We previously reported preliminary activity of regorafenib plus nivolumab (REGONIVO) or lenvatinib plus pembrolizumab (LENPEM) in advanced gastric cancer (AGC). Meanwhile, several studies ...demonstrated liver metastases are less responsive to immunotherapy.
Combined efficacy outcomes with a longer follow-up in a phase Ib trial of REGONIVO and a phase II trial of LENPEM were examined in AGC with or without liver metastases (REGONIVO plus LENPEM cohort). We also investigated the efficacy of anti-PD-1 monotherapies (anti-PD-1 monotherapy cohort). A comparison of the immune microenvironment between gastric primary tumors and liver metastases was also conducted by multiplex IHC.
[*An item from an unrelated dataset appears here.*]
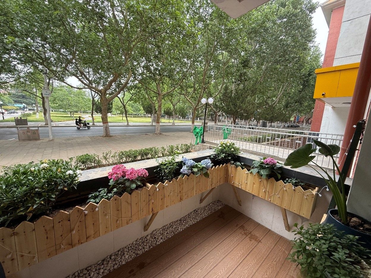 按照设计方案,心理健康教育中心的老师和学生共同对阳台进行了改造。如今,原本普通的阳台焕然一新,摇身一变成为集绿植景观、休闲座椅、艺术装饰于一体的特色空间。花园内种植了绣球花、茉莉花、栀子花等花卉,还有绿萝、常青藤等植物点缀其间,营造出自然宁静的氛围。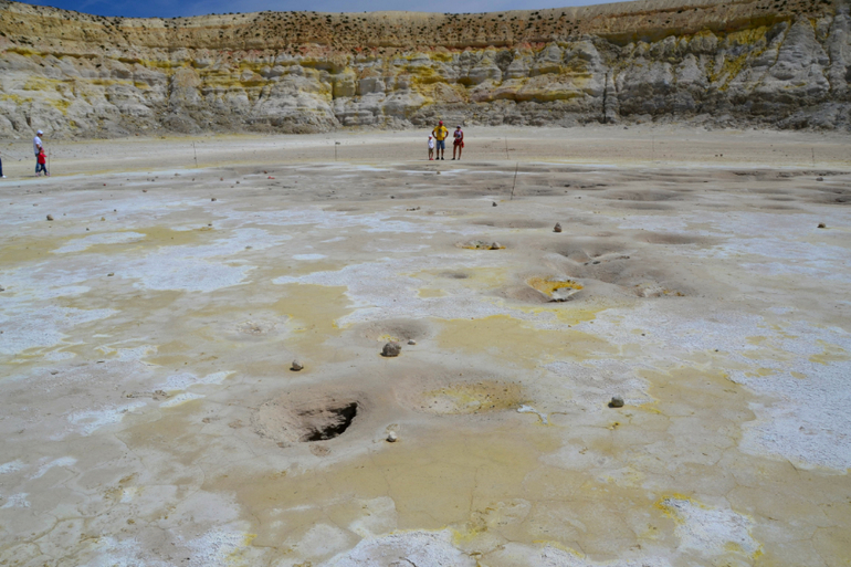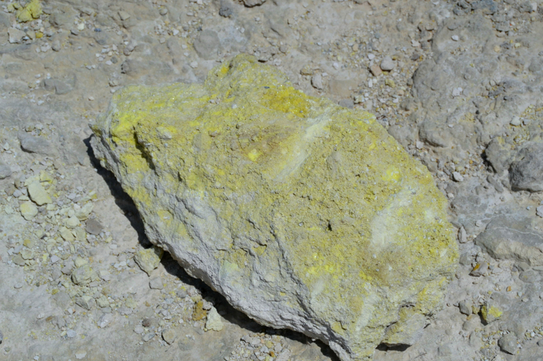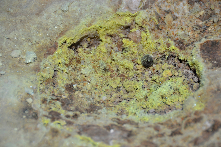 Вся поверхность кратера покрыта серой.

In the REGONIVO plus LENPEM cohort, with a median follow-up of 14.0 months, objective response rate (ORR), median progression-free survival (mPFS), and median overall survival (mOS) were 46%, 7.8 months, and 15.6 months in patients with liver metastases, while 69%, 6.9 months, and 15.5 months in those without. In the anti-PD-1 monotherapy cohort, with a median follow-up of 27.6 months, ORR, mPFS, and mOS were 9%, 1.4 months, and 6.4 months in patients with liver metastases, while 22%, 2.3 months, and 9.0 months in those without. Multiplex IHC revealed liver metastases were associated with an abundance of immune-suppressive cells, such as tumor-associated macrophages and regulatory T cells, with fewer CD8+ T cells compared with gastric primary tumors.
Anti-PD-1 antibodies plus regorafenib or lenvatinib for AGC showed promising antitumor activity with a longer follow-up, irrespective of liver metastases status, despite a more immune-suppressive tumor microenvironment in liver metastases.